While the description above discloses preferred embodiments of the present invention, it is contemplated that numerous variations and modifications of the invention are possible and are considered to be within the scope of the claims that follow.

Claims

1. An inflatable and deflatable protective cover for a vehicle, comprising:

a. a plurality of vertically oriented chambers;

b. a plurality of horizontally oriented transverse chambers;

c. a plurality of longitudinal chambers connecting between the vertically oriented and horizontally oriented chambers to convey pressurized air from chambers with higher pressure to chambers with lower pressure; and

d. an air inlet valve extending outwardly from a selected vertically oriented transverse chamber.

2. The protective vehicle cover described in claim 1, wherein the vertically oriented chambers and the horizontally oriented transverse chambers are formed of an exterior sheet and an interior sheet with a plurality of separators connecting therebetween.

3. The protective vehicle cover described in claim 2, further comprising a perforated baffle fixedly assembled at each end of each vertically oriented chamber and each horizontally oriented transverse chamber.

4. The protective vehicle cover described in claim 1, further comprising a sealable outlet air port extending outwardly from a selected vertically oriented chamber.

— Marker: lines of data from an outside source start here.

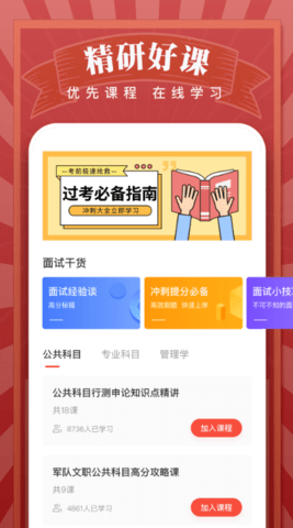 1、用户可以在平台上学习大量专业公务员考试题目和课程,供用户学习。用户可以根据自己的情况在平台上选择需要学习的课程
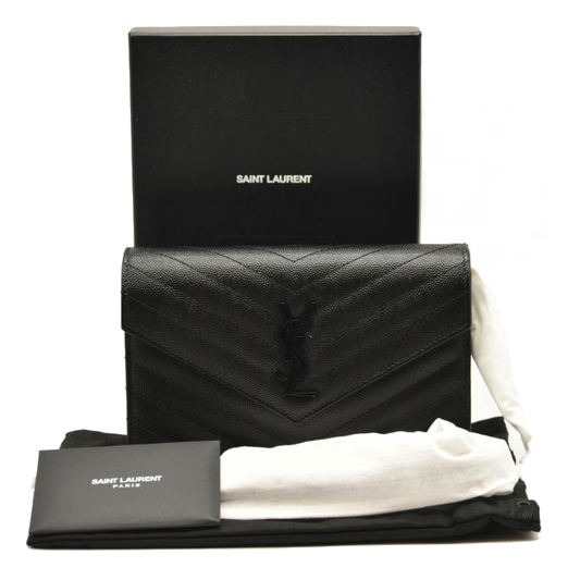 NEW SAINT LAURENT Grain De Poudre Matelasse Chevron Monogram Chain Wallet Black Noir
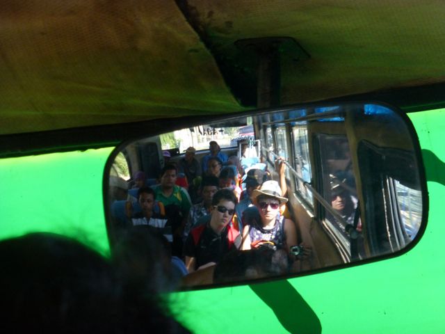 The two buses we took were jittery and punctured with rust holes. The seats below these holes were soaking wet.
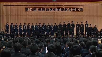 遠野地区中学校総合文化祭が、きのう(5日・木曜日)遠野中学校で行われました。14回目となったきのうの中学校総合文化祭は「遠野から喜びを伝えよう〜みんなで築こう遠野の未来を〜」がテーマです。中学校が統合されてから3年目のことしは、各学校の全校生徒の制服が初めて揃いました。例年では市民センターで開かれていましたが、ことしは改修工事中のため遠野中学校体育館での開催となり、市内3つの中学校の全校生徒など、およそ800人が集まりました。オープニングでは、遠野高校邦楽部による演奏が披露されました。続いて開会式では、生徒を代表して遠野西中学校生徒会長の松田佳一郎君があいさつしました。続いて、中学校総合文化祭のテーマの部とポスターの部の表彰が行われました。その後の発表では、「わたしの主張」や学校ごとに全校生徒での合唱が披露されました。中学校総合文化祭の模様については、来月5日・土曜日と6日・日曜日の午後3時からと8時から、遠野テレビ11chで放送を予定しています。
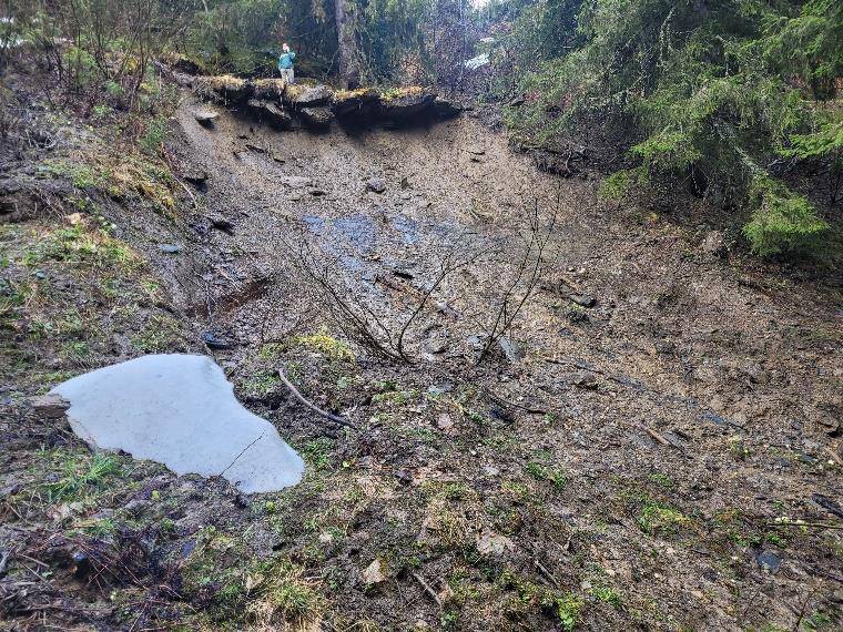 Au cours des travaux, l’entreprise a donc abattu 4 arbres résineux, dessouché et reprofilé le talus amont en terrassant et en évacuant un volume important de matériaux. Elle a par ailleurs réalisé un fossé au pied du talus amont ainsi que des renvois d’eau pour assurer l'évacuation des eaux de ruissellement en dehors de la zone en glissement.
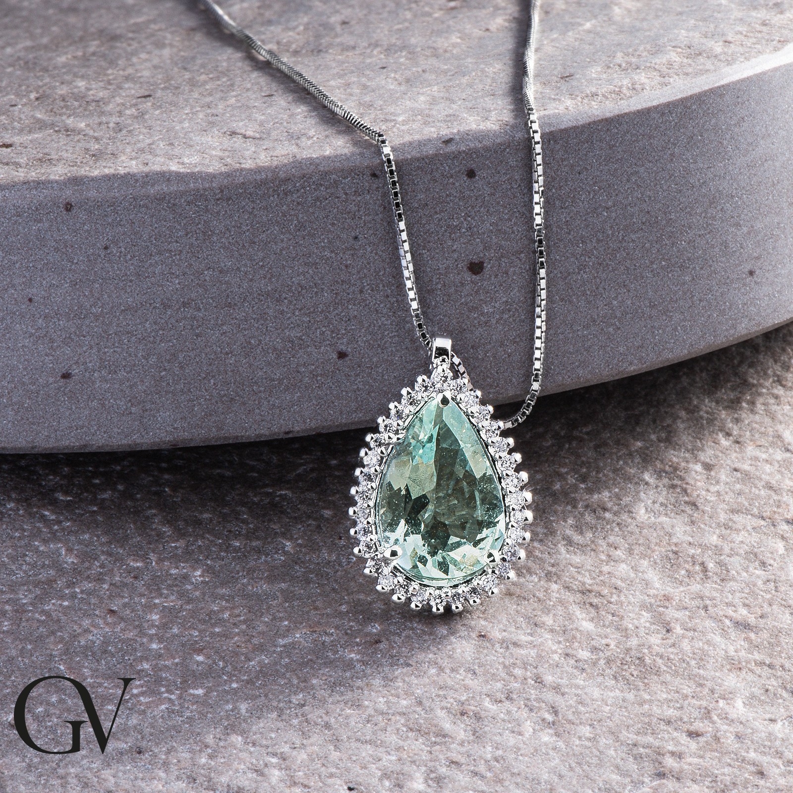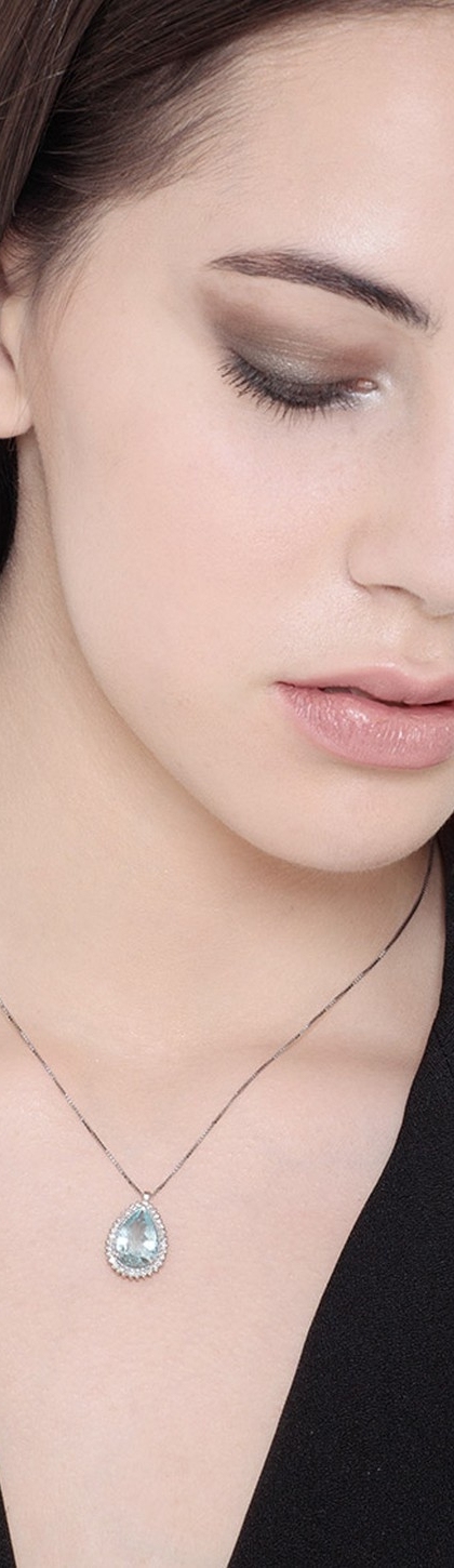 Collier en or blanc 18k avec aiguemarine et diamants

5. The protective vehicle cover described in claim 1, further comprising a plurality of anchor connecting loops fixedly connected to a plurality of vertically oriented chambers at a lower end thereof.

6. The protective vehicle cover described in claim 1, wherein the horizontally oriented transverse chambers are configured to attain a thickness measured in the vertical direction of at least 12.5 cm (5.0 in).

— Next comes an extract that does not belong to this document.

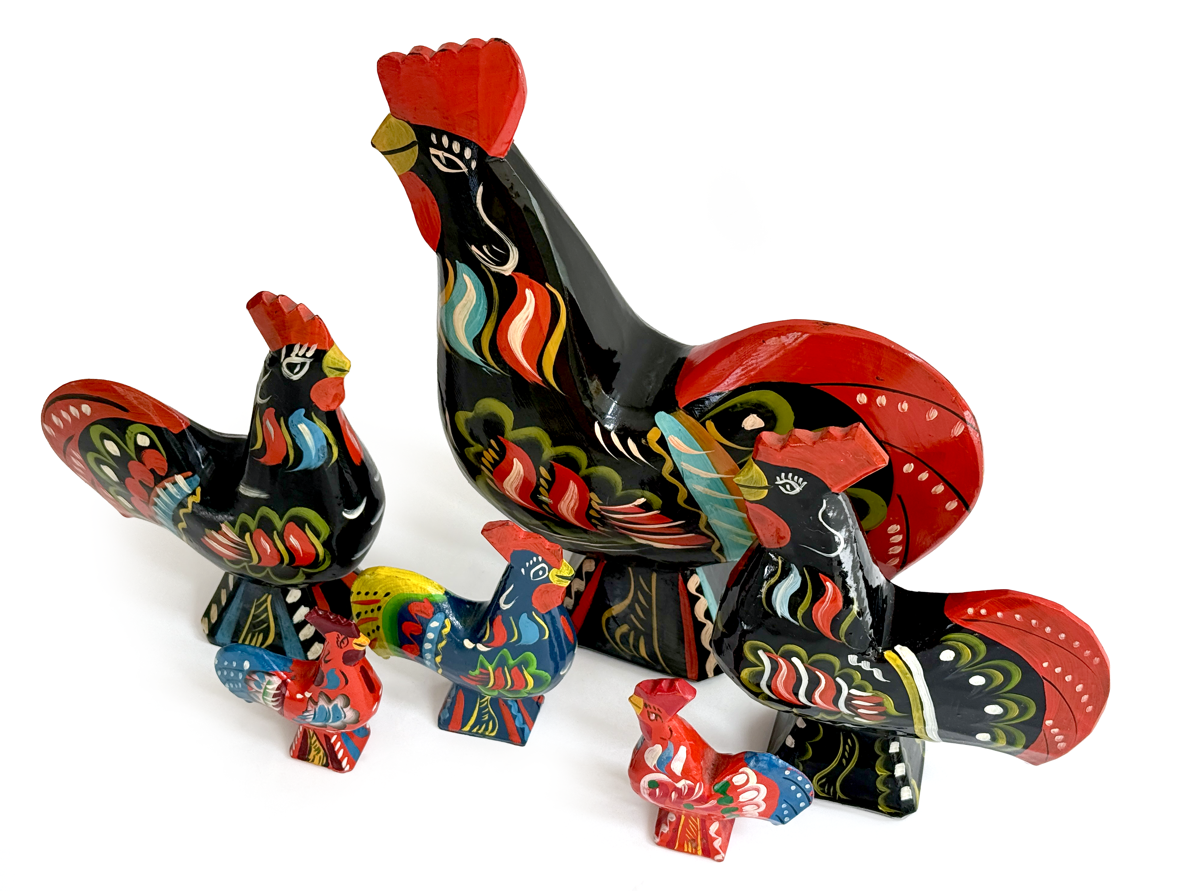 In the 17th century little wooden horses and roosters were sold at markets in small towns and villages in Dalarna, in central Sweden. A hundred years later wooden horses and roosters were carved by men working in the forests during long winter evenings and brought back to the village for the children to play with.

7. The protective vehicle cover described in claim 1, wherein the horizontally oriented transverse chambers are configured to attain a thickness measured in the vertical direction of approximately 16.5 cm (6.5 in).

8. The protective vehicle cover described in claim 2, wherein the interior and exterior sheets and the separators are formed of a fabric that is coated on at least one side with a resin.

9. The protective vehicle cover described in claim 8, wherein the chambers are formed by welding with the resin coated side of the interior and exterior sheets in contact with the resin coated side of the separators.

10. A method for protecting a vehicle from damage due to falling objects, comprising the steps of:

a. providing an inflatable protective cover for a vehicle having a horizontal wall comprised of multiple chambers and a vertical wall comprised of multiple chambers connected on each side of the horizontal wall to be in fluid communication therewith, the vertical wall having an inlet air valve and an outlet air port connected thereto and a plurality of anchor connecting loops connected thereto in spaced apart locations;

b. positioning the protective cover over the vehicle with the inlet air valve, the outlet air port and the anchor connecting loops extending in a direction outward from the vehicle;

c. attaching a plurality of straps at a first end thereof to the plurality of anchor connecting loops and at a second end thereof to a lower part of the vehicle;

d. connecting a source of pressurized air to the inlet air valve; and

e. pressurizing the chambers of the protective cover by actuating the source of pressurized air to inflate the protective cover and to cause the straps to become taut for securely holding the protective cover to the vehicle.

11. The method described in claim 10, further comprising the step of maintaining the source of pressurized air in operation until the protective cover is inflated to a pressure of approximately 70.0 g/cm2 (1.0 lb/in2).

12. The method described in claim 10, wherein the source of pressurized air is maintained in operation until the horizontal wall of the protective cover has a thickness measured in the vertical direction of at least 12.5 cm (5.0 in).

13. The method described in claim 10, wherein the source of pressurized air is maintained in operation until the horizontal wall of the protective cover has a thickness measured in the vertical direction of at least 16.5 cm (6.5 in).

14. The method described in claim 10, further comprising the step of opening the outlet air port to deflate the protective cover.